BEGIN

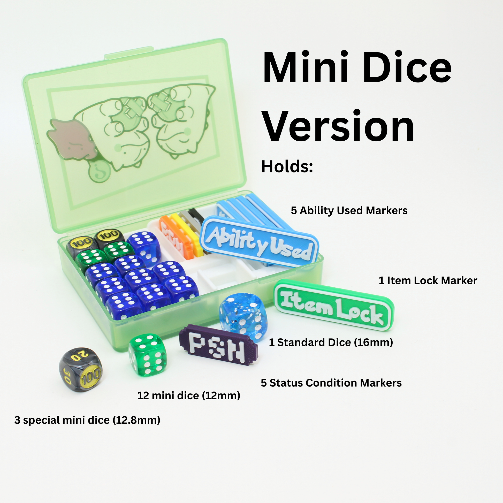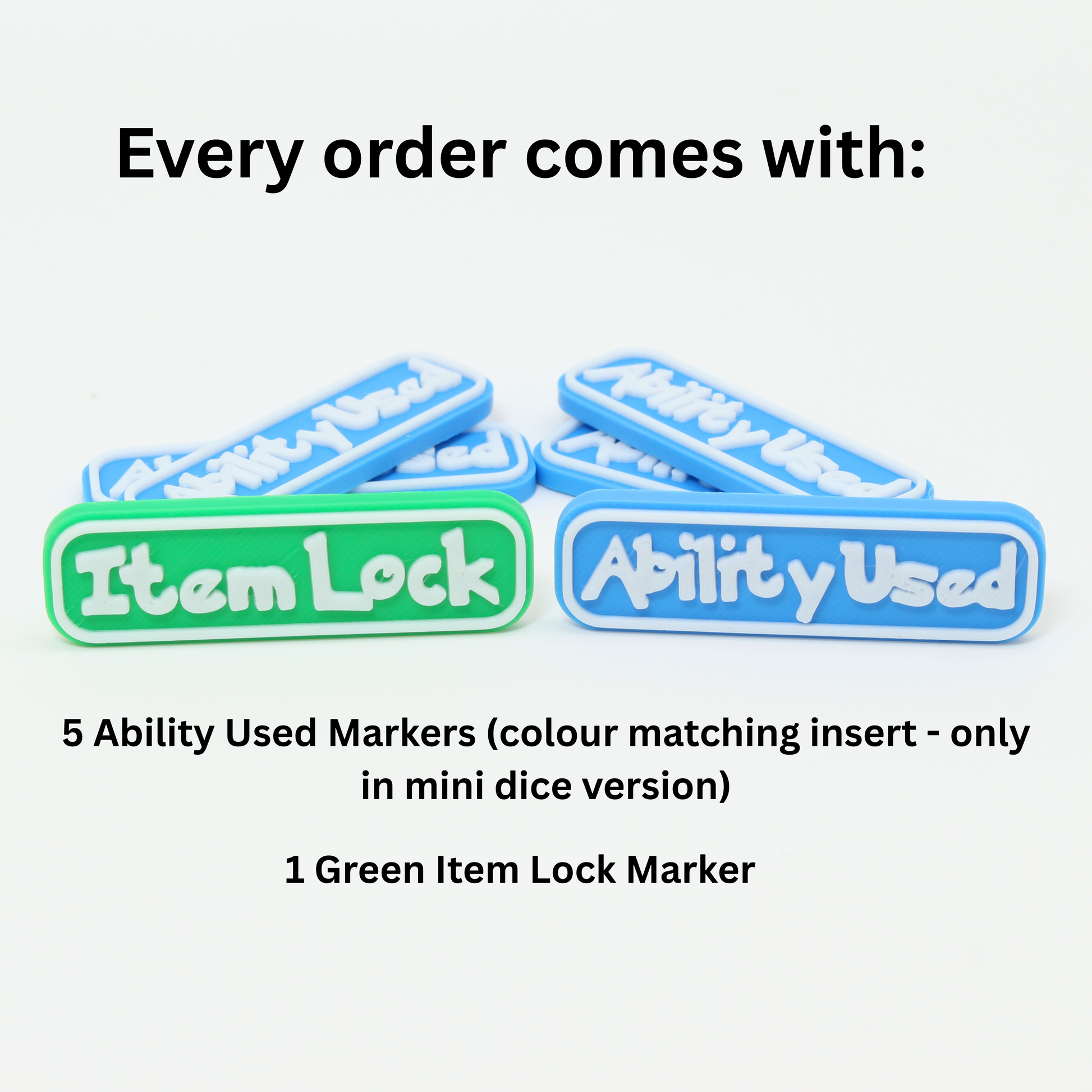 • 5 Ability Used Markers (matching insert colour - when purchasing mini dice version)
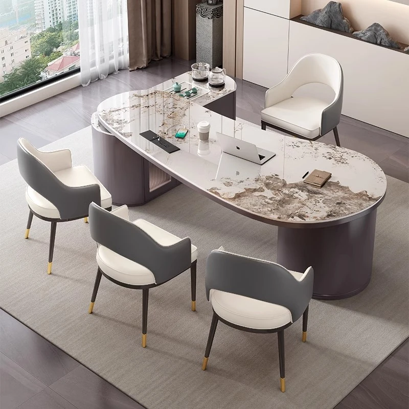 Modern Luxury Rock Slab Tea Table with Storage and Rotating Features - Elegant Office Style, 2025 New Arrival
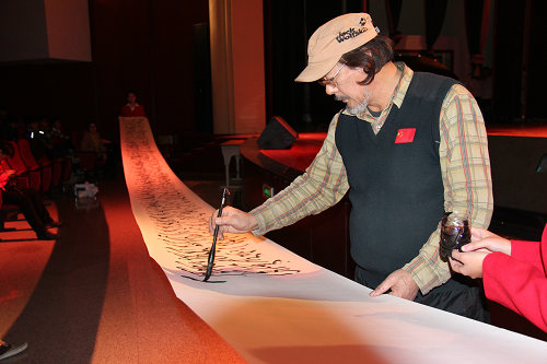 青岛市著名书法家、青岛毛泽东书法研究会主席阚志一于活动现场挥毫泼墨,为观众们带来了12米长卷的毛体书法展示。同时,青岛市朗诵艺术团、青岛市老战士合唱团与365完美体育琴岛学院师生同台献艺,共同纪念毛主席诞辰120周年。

END

Having located the line with "Modern Luxury Rock", copy it exactly along with every later line through the end of the listing above, but omit the pictures.

 Modern Luxury Rock Slab Tea Table with Storage and Rotating Features - Elegant Office Style, 2025 New Arrival
 青岛市著名书法家、青岛毛泽东书法研究会主席阚志一于活动现场挥毫泼墨,为观众们带来了12米长卷的毛体书法展示。同时,青岛市朗诵艺术团、青岛市老战士合唱团与365完美体育琴岛学院师生同台献艺,共同纪念毛主席诞辰120周年。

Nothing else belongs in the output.